Because he was the only one who seemed to 
have doubts about the bridge design, and because 
the deflection theory of Moisseiff and Lienhard 
had widespread support among bridge engineers, 
Condron ultimately acquiesced. He wrote in his 
final report: “In view of Mr. Moiseiff's 
recognized ability and reputation, and the many 
expressions of approval ... of his methods of 
analyses of stresses and deflections in the 
designs of long span suspension bridges, ... I 



feel we may rely upon his own determination of 
stresses and deflections” (ref. 15). 

His support was not unqualified, however. In his 
final report he also recommended considering 
widening the bridge to 52 feet. Had this been 
done, the width-to-span ratio would have been 
1:53.8. The bridge would still have been the 
narrowest in existence, but less radically so than 
it turned out to be. According to Petroski (ref. 
12), ‘‘had Condron's recommendation been 
followed, it is very possible that the Tacoma 
Narrows Bridge would have been stiffened 
enough that, even had it exhibited some degree 
of flexibility in the wind, that might have been 
within tolerable limits and thus subsequently 
correctable, as it was to be in other contemporary 
bridges.” 

As we know, Condron's recommendation was 
not followed, and the bridge collapsed. Some 
time was to pass before the actual cause of the 
collapse would be determined (the report from 
Ammann, Woodruff, and von Karman left the 
matter vague). The details of the cause are not 
important for this paper. What is important is to 
realize that the theory on which the bridge was 
designed was flawed because it did not take into 
account everything that needed to be taken into 
account. In particular, the dynamic effects of 
wind load on the bridge were ignored. Reliance 
on the flawed theory was a significant 
contributor to the failure. 

Relevant Lessons: Some of the lessons of the 
Tacoma Narrows failure are specific to 
suspension bridge building. One such lesson, for 
example, was the need for aerodynamic testing; 
this testing became a standard procedure in 
suspension bridge structural analysis in every 
bridge built afterwards.

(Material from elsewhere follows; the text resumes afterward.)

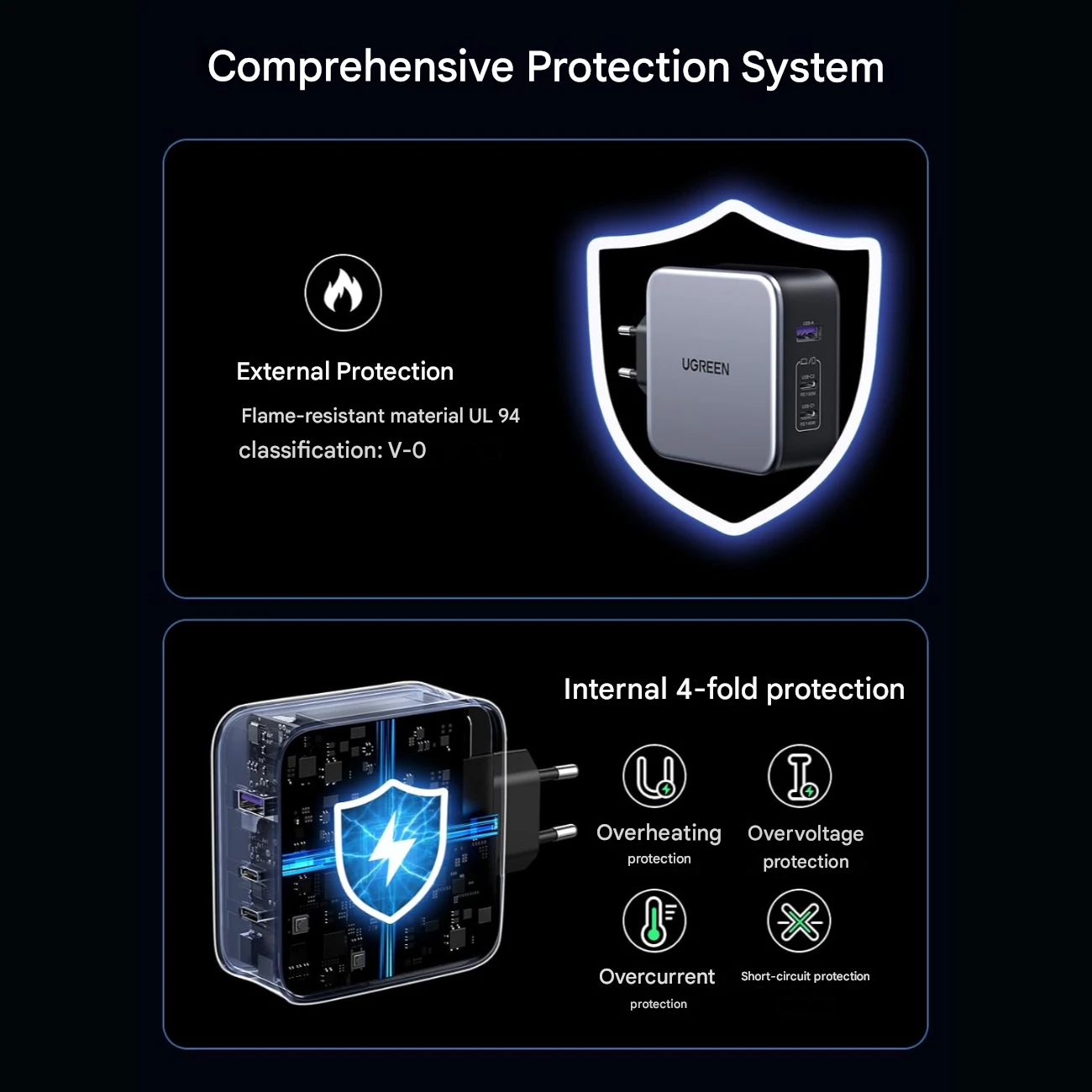 | ویژگیهای ایمنی | فناوری Thermal Guard (بیش از 5 خوانش دما در ثانیه)، سیستم Power Dispenser، مقاوم در برابر اضافهبار، اتصال کوتاه، نوسانات ولتاژ، و آتشسوزی (Fireproof) |

In addition to such 
specific lessons, there are at least four lessons 
with application beyond bridge building. These 
lessons are explained in the rest of this section. 

Lesson 1: Relying heavily on theory, without 
adequate confirming data, is unwise. 

At the time of the design of the Tacoma Narrows 
Bridge, Moisseiff and most other bridge 
engineers believed that the accuracy of deflection 
theory had been adequately confirmed. As 
mentioned earlier, the results of tests on scale 
models at the University of California had shown 
close agreement with the theory’s predictions for 
lateral deflections. Also, several bridges had 


been designed using the theory, and they were 
still standing. 

As Theodore Condron had suspected, neither the 
scale model tests, nor the existing bridges truly 
provided adequate confirming data. The scale 
model tests were inadequate confirmation 
because they did not produce any data about 
vertical deflections. The existing bridges were 
inadequate confirmation because none of them 
were nearly as narrow and shallow as the 
Tacoma Narrows Bridge. 

The first real test of the accuracy of deflection 
theory occurred above the waters of the Puget 
Sound. When this test failed, the inaccuracy of 
the theory became apparent. Over time, 
problems occurred in other bridges that had been 
designed using deflection theory. Many of them 
were eventually modified to employ additional 
means of stiffening. 

Lesson 2: Going well beyond existing 

experience is unwise. 

Although many previous suspension bridges had 
been built, including two with longer spans, the 
Tacoma Narrows Bridge was unique. As table 1 
showed, the span to width ratio of the bridge was 
54% greater than that of any contemporary 
bridge. The Tacoma Narrows Bridge was not a 
simple extrapolation from existing experience; it 
was a radical departure from that experience. 

Even with deflection theory seeming to justify 
such a departure, the most prudent action would 
have been to make small, incremental steps in 
narrowing bridge deck widths. This seems 
especially true when one realizes that the bridge 
with the next biggest span to width ratio, the 
Golden Gate Bridge, was at that time showing 
far greater flexibility than had been calculated. 
Theodore Condron seems to have been one of the 
few engineers of the time who had learned this 
lesson. His advice to widen the bridge to 52 feet 
was a prudent, incremental step. 

Lesson 3: In studying existing experience, more 
than just the recent past should be included. 

The University of Washington’s Professor 
Farquharson continued to study suspension 
bridges after escaping from Galloping Gertie. In 
a 1949 report, he gave a historical review of the 
dynamic behavior of suspension bridges (ref. 
17). In this review, he listed ten suspension 



bridges that were destroyed by wind between 
1818 and 1889; nine of these occurred before 
1865. He wrote that the failure of the Tacoma 
Narrows Bridge “came as such a shock to the 
engineering profession that it is surprising to 
most to learn that failure under the action of the 
wind was not without precedent” (ref. 18). 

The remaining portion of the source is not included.